Let's also invoke the `MAAP` constructor. This will allow us to use the python-based `maap-py` library from R, which will be used to get credentials and conduct a NASA CMR search.

In [17]:
maap_py <- import("maap.maap")
maap <- maap_py$MAAP()

## Collection and Granule Search

Using `maap-py`, we can conduct a collection and granule search for data within NASA's CMR. For this example, we'll use data available within the GEDI L2A collection. For more information on CMR searching in R, see ["Searching for Data in NASA's CMR in R"](https://docs.maap-project.org/en/develop/technical_tutorials/working_with_r/cmr_search_in_r.html). 

In [18]:
# search for a GEDI collection
gedi_collections <- maap$searchCollection(
    short_name = "GEDI02_A",
    version = "002",
    cmr_host = "cmr.earthdata.nasa.gov",
    cloud_hosted = "true"
)

# get collection ID for granule search
collection_concept_id <- gedi_collections[[1]][["concept-id"]]
cat("Collection Concept ID:", collection_concept_id, "\n")

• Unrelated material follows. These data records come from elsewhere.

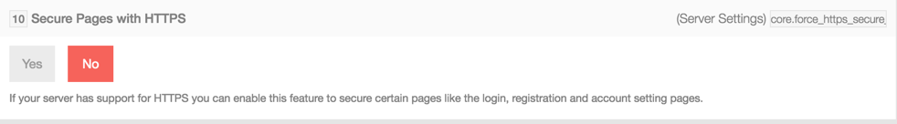 If your server has support for HTTPS you can enable this feature to secure certain pages like the login, registration, and account setting pages.
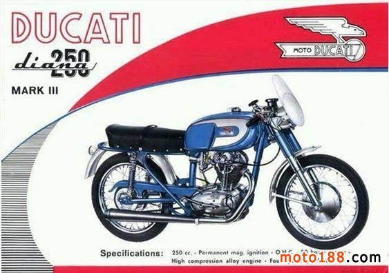 250diana mark 3 生產(chǎn)年份1966 引擎為單缸風(fēng)冷四沖程SOHC;排量249;壓縮比8.0:1;最大馬力19.5hp7750rpm;5檔位;整車(chē)質(zhì)量120公斤;油箱17升
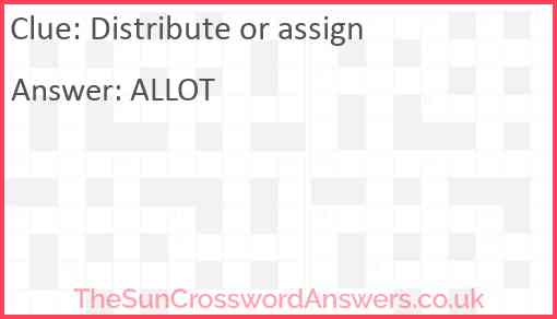 Distribute or assign is a crossword clue for which we have 1 possible answer and we have spotted 2 times in our database. This crossword clue was last seen on 25 June 2019 in The Sun Coffee Time Crossword puzzle!

# search for the first granules
gedi_granules <- maap$searchGranule(
    collection_concept_id = collection_concept_id,
    limit = as.integer(10),
    cmr_host = "cmr.earthdata.nasa.gov"
)

granule_names <- sapply(gedi_granules, function(names) names[["Granule"]][["GranuleUR"]])
cat("Granules:\n")
print(granule_names)

Collection Concept ID: C2142771958-LPCLOUD 
Granules:
 [1] "GEDI02_A_2019108002012_O01959_01_T03909_02_003_01_V002"
 [2] "GEDI02_A_2019108002012_O01959_03_T03909_02_003_01_V002"
 [3] "GEDI02_A_2019108002012_O01959_04_T03909_02_003_01_V002"
 [4] "GEDI02_A_2019108002012_O01959_02_T03909_02_003_01_V002"
 [5] "GEDI02_A_2019108015253_O01960_01_T03910_02_003_01_V002"
 [6] "GEDI02_A_2019108015253_O01960_03_T03910_02_003_01_V002"
 [7] "GEDI02_A_2019108015253_O01960_02_T03910_02_003_01_V002"
 [8] "GEDI02_A_2019108015253_O01960_04_T03910_02_003_01_V002"
 [9] "GEDI02_A_2019108032535_O01961_01_T03911_02_003_01_V002"
[10] "GEDI02_A_2019108032535_O01961_03_T03911_02_003_01_V002"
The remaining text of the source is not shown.